JAX has a number of different levels of API, from the level of explicit primitive binding
(e.g. `jax.lax.add_p.bind(x, y)`) to the `jax.lax` APIs (e.g. `jax.lax.add(x, y)`) to the
`jax.numpy` APIs (e.g. `jax.numpy.add(x, y)`). Which of these API categories should handle
implicit conversion via `__jax_array__`?

In order to limit the scope of the change and the required testing, I propose that `__jax_array__`
only be explicitly supported in `jax.numpy` APIs: after all, it is inspired by the` __array__`
protocol which is supported by the NumPy package. We could always expand this in the future to
`jax.lax` APIs if needed.

This is in line with the current state of the package, where `__jax_array__` handling is mainly
within the input validation utilities used by `jax.numpy` APIs.

## Implementation
With these design choices in mind, we plan to implement this as follows:

- **Adding runtime support to `jax.numpy`**: This is likely the easiest part, as most
  `jax.numpy` functions use a common internal utility (`ensure_arraylike`) to validate
  inputs and convert them to array. This utility already supports `__jax_array__`, and
  so most jax.numpy APIs are already compliant.
- **Adding test coverage**:  To ensure compliance across the APIs, we should add a new
  test scaffold that calls every `jax.numpy` API with custom inputs and validates correct
  behavior.
- **Deprecating `__jax_array__` during abstractification**: Currently JAX's abstractification
  pass, used in `jit` and other transformations, does parse the `__jax_array__` protocol,
  and this is not the behavior we want long-term.

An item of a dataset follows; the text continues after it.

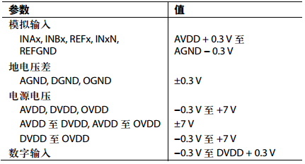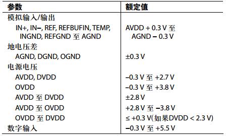 AD7794 Σ-Δ型24位ADC是另一个很好的例子。表3摘自 AD7794数据手册的“绝对最大额定值”部分。

We need to deprecate this behavior, and
  ensure that downstream packages that rely on it can move toward pytree registration or
  explicit array conversion where necessary.
- **Adding type annotations**: the type interface for jax.numpy functions is in
  `jax/numpy/__init__.pyi`, and we’ll need to change each input type from `ArrayLike` to
  `ArrayLike | SupportsJAXArray`, where the latter is a protocol with a `__jax_array__`
  method. We cannot add this directly to the `ArrayLike` definition, because `ArrayLike`
  is used in contexts where `__jax_array__` should not be supported.
- **Documentation**: once the above support is added, we should add a documentation section
  on array extensibility that outlines exactly what to expect regarding the `__jax_array__`
  protocol, with examples of how it can be used in conjunction with pytree registration
  in order to effectively work with user-defined types.